Вот отчего старик зажегся, вот почему вдохновенно произнес по списку самые труднодоступные товары.

Сознаемся, что кое-что из названного было у запасливого Шохова в заначке, не могло не быть. Иначе он не был бы самим собой. Но не таков он человек, чтобы отказываться от добра, когда оно плывет прямо в руки. Строительство только начиналось, а запас, он вниз не тянет, он всегда своих денег стоит, если он есть.

Притушив азартный, едва ль не хищный блеск в голубых нахальноватых глазах, Шохов по возможности кротко, как покладистый и уважающий себя человек, будто даже неуверенный в себе, произнес, что кое-что у него, конечно, есть, но...— И тут он сделал многозначительную паузу, которая еще больше подчеркивала его простоту, покладистость и неуверенность. Посмотреть со стороны (он-то знал, как он выглядит): милый парень, добродушно-открытый, где он, такая миляга и скромница, что-то сможет достать? Тем более что кругом такие рвачи, такие выжиги, что страшно подумать!

Нет, этого всего он не произносил, это все читалось в его бесхитростном взгляде, во всем его чистом облике.
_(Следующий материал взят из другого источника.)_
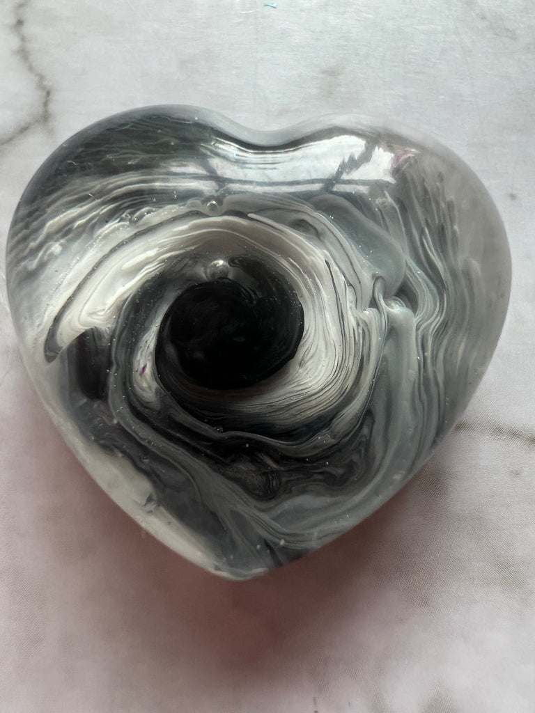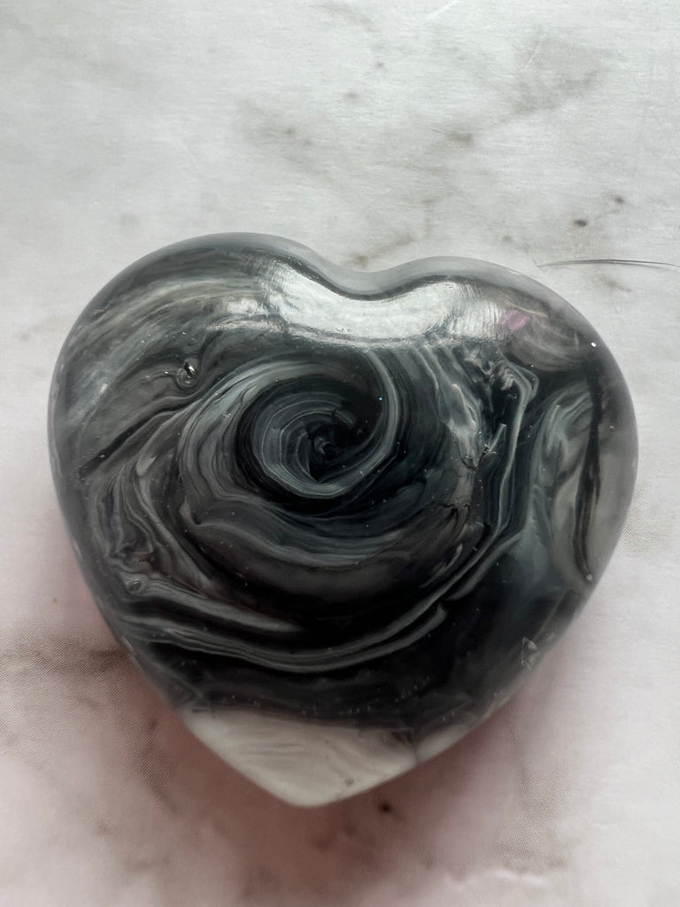All hearts are handmade by myself. During the resin curing process tiny little micro bubbles are generated some of which may remain visible in the final product. This is not a flaw or a defect it just makes your heart even more unique.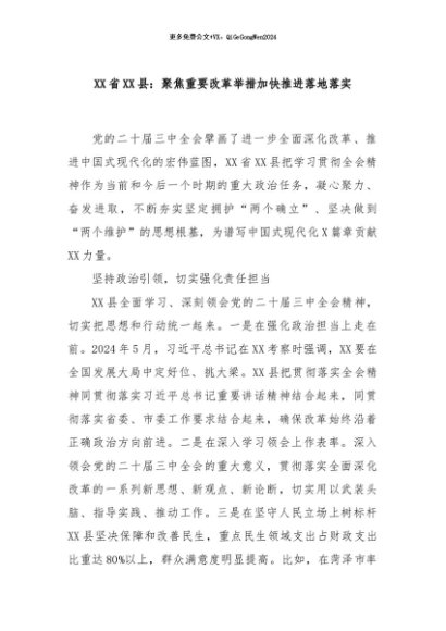 / 【七哥公文】2024年:XX省XX县:聚焦重要改革举措加快推进落地落实+更多免费公文+VX:QiGeGongWen2024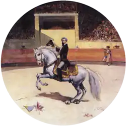 He also became a notable sportsman, a perfect gentleman-rider: a skillful marksman, fencer, and horse rider. He also became a famous amateur bullfighter, both as a cavaleiro (on horseback) and as a bandarilheiro. An enthusiast of the sport, he had a bullring built in Golegã, and frequently took part in bullfighting spectacles for charity: profits from the opening performance of the Golegã arena reverted to the local hospital, and his last performance, in 1893, was to aid the victims of the 1893 Azores hurricane.[1]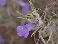The flowers are borne singly or in pairs in leaf axils on hairy stalks 3.5–7.5 mm (0.1–0.3 in) long. There are five very hairy, blackish-purple, linear to lance-shaped, tapering sepals which are 7.5–13 mm (0.3–0.5 in) long. The petals are 23–29 mm (0.9–1 in) long and are joined at their lower end to form a tube. The petal tube is pale lilac to deep lilac-coloured on the outside and white with lilac or purple spots on the inside. The outer surface of the tube and petal lobes is hairy, the inner surface of the lobes is glabrous and the inside of the tube is filled with woolly hairs. The four stamens are fully enclosed in the petal tube. Flowering occurs from April to October and the fruits which follow are oval-shaped with a glabrous, straw-coloured, papery covering and are 6–9 mm (0.24–0.35 in) long.[2][3]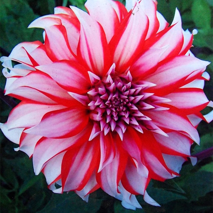 Георгина Долли Эйч – это очаровательное многолетнее растение с обильным продолжительным цветением. В лучах заката эти огромные цветы создают неповторимый эффект внутреннего свечения. Белые с красной каймой лепестки настолько нежны, что кажутся созданными из фарфора умелым скульптором. В ландшафтном дизайне любой сложности или просто в сельском дворе эта георгина притягивает восхищенные взгляды. Описание и характеристики георгины Долли Эйч Куст высотой 100-120 см с множеством боковых веток, на которых с июля по сентябрь непрерывно образуются бутоны. Корневище развитое, для зимнего хранения выкапывают, помещают в сухое прохладное помещение. Размер цветка от 15 до 20 см. Хорошо растет на солнечном месте. Для формирования густой кроны и большого количества цветов нуждается в питательной почве, регулярных подкормках. Для предотвращения повреждений ветром нуждается в надежной опоре.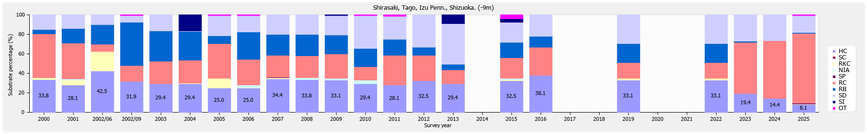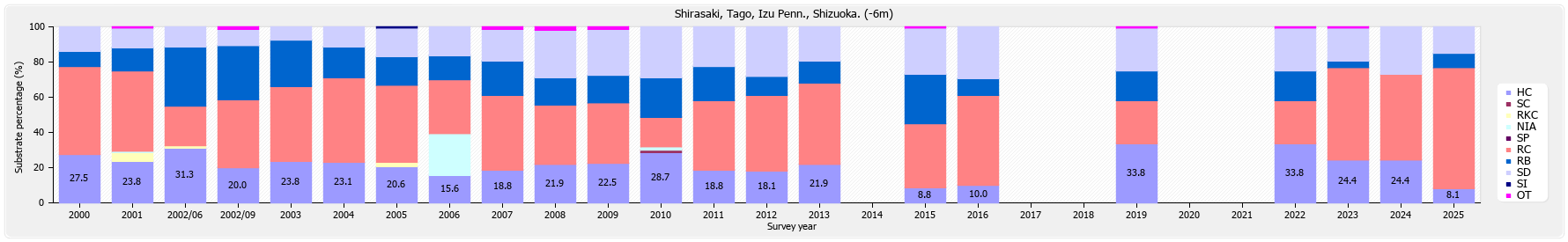 リーフチェック 西伊豆 田子 白崎 (静岡県) 底質分類の経年変化

— Будет тебе цемент! — воскликнул старик важно и хлопнул ладонью по прилавку, даже счеты подпрыгнули. — И другое тоже будет. Приезжай, дорогой. В конце месяца приезжай.

Старик ткнул пальцем в шапку и спросил как бы мимоходом, где такие красавицы продаются,— небось в столице? А у него на старости лет как раз нету теплой шапки, а где возьмешь?

Шохов будто и не заметил намека и подтвердил, что это тоже проблема, да что сейчас не проблема?

Он расплатился за купленный замок, за другие товары и уже в конце, помедлив, прикупил ко всему одну чашечку гжельской работы. Понимал, что пустое чудачество — приобретать вовсе ненужные вещи, особенно же такие, как эта чашечка. Посмеиваясь над собой, он завернул ее в газетку и уложил в сумку, сознавая, что это уж точно от жадности, оттого, что именно в Москве гонялись за такими чашечками, а значит, что-то она стоила. Посещение московской квартиры не прошло даром и с этой стороны. Где вы, прекрасная Инна Петровна!

Прощаясь со стариком, уже уходя, Шохов что-то вспомнил и застопорился. Тут самое главное, как он понимал, надо было соблюсти и равные отношения, и неторопливость (что он и сделал), и тактичность по отношению к партнеру. Да, конечно же он вспомнил только сейчас про этот незначащий разговор о шапке. Он-то лично своей шапкой нисколько не дорожит и при случае искренне готов уступить ее хорошему человеку. Так он сказал, почти на ходу, простецки улыбнувшись своей великолепной шоховской улыбкой.

И продавец в ответ, показав сразу все золото зубов, воскликнул в порыве сердечности:

— Приезжай, дорогой! Все для тебя сделаю!

Они простились довольные друг другом.

Выходя на старую, мощенную булыжником площадь городка, Шохов оглянулся на торговый ряд с длинной колоннадой по всему первому этажу, подпиравшей длинную стену монастыря. В каком-то кино из чеховских времен он это все уже видел.

Сейчас он подумал, что день у него, несмотря на плохое начало, вовсе не оказался пропащим. Откопать такой магазинчик со стариком — все равно что на асфальте найти золотой самородок. А без шапки он как-нибудь проживет. Тем более что шапка крышей дома ему обернется.

Это кто-то, Шохов сейчас не мог вспомнить, кто именно, говаривал, что жадные люди не способны к бизнесу. Нужно вложить пятьдесят процентов, пусть это и рискованно, если хочешь получить сто. А уж он-то, Шохов, будьте спокойны, за свою красивую шапку (шкурка — только и всего!) возьмет и двести процентов, и триста, и более.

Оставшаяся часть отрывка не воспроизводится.